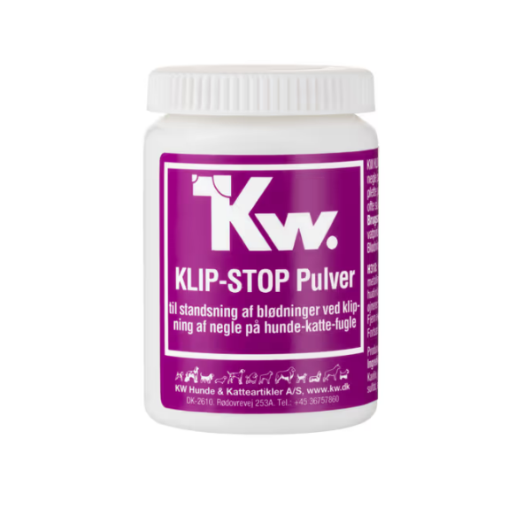 Zasypka tamująca krwawienie KW Clip-Stop Powder spowodowane zbyt krótkim przycięciem pazurów. Składniki proszku wchłaniają wilgoć, działają ściągająco i hamująco na krwawienie, które ustępuje już po upływie chwili. Produkt niezastąpiony w każdym salonie groomerskim lub hodowli. To także obowiązkowy element wyposażenia domowej apteczki, jeśli obcinamy pupilowi pazurki samodzielnie.
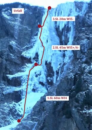 Man steigt im linken Wandteil in den Eisfall ein und folgt flacheren und steileren Bereichen bis in eine Verflachung, bevor sich der Eisfall aufsteilt. Hier Eisstand an Eisschrauben machen. Die zweite Seillänge ist deutlich steiler und schwieriger und zieht nach einem kurzen Quergang senkrecht nach oben. In einer kleinen Nische kann der nächste Eisstand errichtet werden. Die letzte, steile, kürzere Seillänge führt zum Ausstieg und zum Ende der Tour. Hier im letzten noch guten Eis Stand an Eisschrauben und eine Sanduhr zum Abseilen machen. Durch zweimaliges Abseilen zuück an den Fuß des Eisfalles.
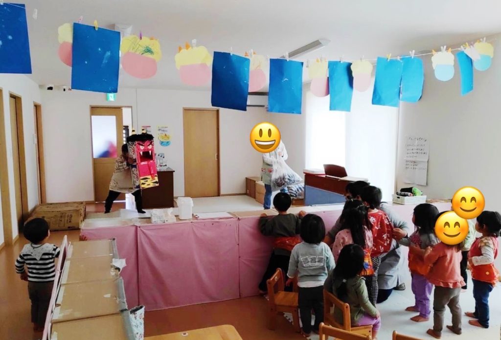 お知らせ「鬼がこっちを見てる!」と、不安そうな顔をして保育者に言いに来る子がいました。
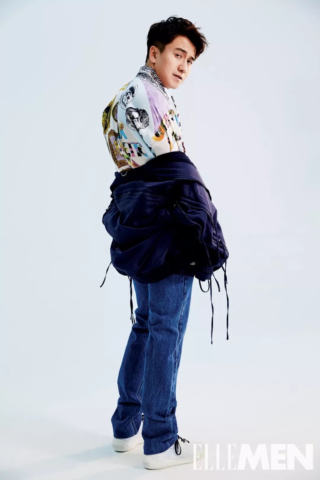 蓝色皮夹克 灰色人像印花衬衫 灰色直筒长裤 白色系带运动鞋 均为Lanvin

■ THE TASK ■
Pictures stay out; everything else in the listing above gets repeated exactly.

■ WRITTEN REPLY ■
 Zasypka tamująca krwawienie KW Clip-Stop Powder spowodowane zbyt krótkim przycięciem pazurów. Składniki proszku wchłaniają wilgoć, działają ściągająco i hamująco na krwawienie, które ustępuje już po upływie chwili. Produkt niezastąpiony w każdym salonie groomerskim lub hodowli. To także obowiązkowy element wyposażenia domowej apteczki, jeśli obcinamy pupilowi pazurki samodzielnie.
 Man steigt im linken Wandteil in den Eisfall ein und folgt flacheren und steileren Bereichen bis in eine Verflachung, bevor sich der Eisfall aufsteilt. Hier Eisstand an Eisschrauben machen. Die zweite Seillänge ist deutlich steiler und schwieriger und zieht nach einem kurzen Quergang senkrecht nach oben. In einer kleinen Nische kann der nächste Eisstand errichtet werden. Die letzte, steile, kürzere Seillänge führt zum Ausstieg und zum Ende der Tour. Hier im letzten noch guten Eis Stand an Eisschrauben und eine Sanduhr zum Abseilen machen. Durch zweimaliges Abseilen zuück an den Fuß des Eisfalles.
 お知らせ「鬼がこっちを見てる!」と、不安そうな顔をして保育者に言いに来る子がいました。
 蓝色皮夹克 灰色人像印花衬衫 灰色直筒长裤 白色系带运动鞋 均为Lanvin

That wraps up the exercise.